It should surprise no one that Serkis, the leading go-to guy for CGI
work from Gollum to the Planet apes, lends Haddock incredible
expressions, but I didn’t know he could put a film on his shoulders. I
also didn’t know that devastating alcoholism could be so amusing. Booze
is to Haddock what spinach is to Popeye, something that should raise the
ire of AA types.
As soon as Haddock is introduced, we start to care. Then The Adventures of Tintin takes off and Spielberg brings us the most inspired action sequences since Inception:
Epic, funny, Rube Goldberg-style cavalcades of comic chaos and
destruction that honestly thrill and make fine use of 3-D technology
without engaging in overtly cheesy camera tricks. It may be classic
Spielbergian spectacle more than Hergé understatement, but damn it feels
good, whether you’re familiar with Tintin or not. PG.

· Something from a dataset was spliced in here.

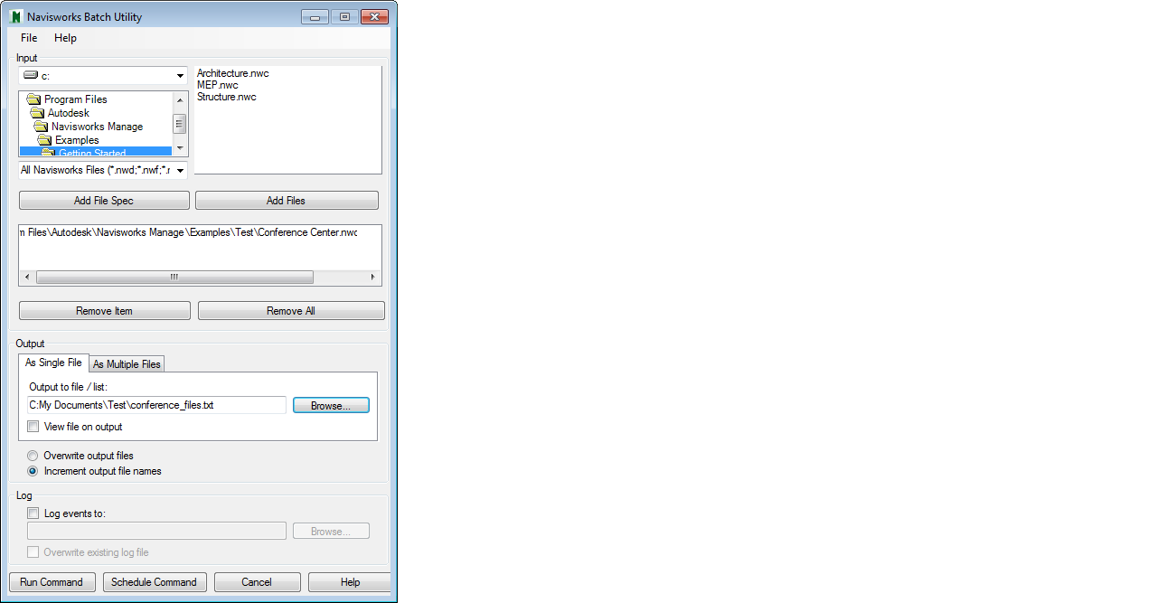- A caixa de diálogo Autodesk Navisworks do Autodesk Navisworks é exibida, e o caminho para o modelo atual é automaticamente adicionado à área Input da caixa de diálogo.

82 SEE IT: The Adventures of Tintin
opens Wednesday, Dec. 21, at Cedar Hills, Clackamas, Eastport,
Cinetopia, Cornelius, Pioneer Place, Cinema 99, City Center, Division,
Evergreen, Hilltop, Lloyd Mall, Movies on TV, Sherwood, Tigard,
Wilsonville and Sandy.
"Booze is to Haddock what spinach is to Popeye, something that should raise the ire of AA types."
Actually in my experience AA members really don't care whether someone else drinks or not unless that person also wants to quit.
AA isn't a temperance society.
You must have them confused with someone else.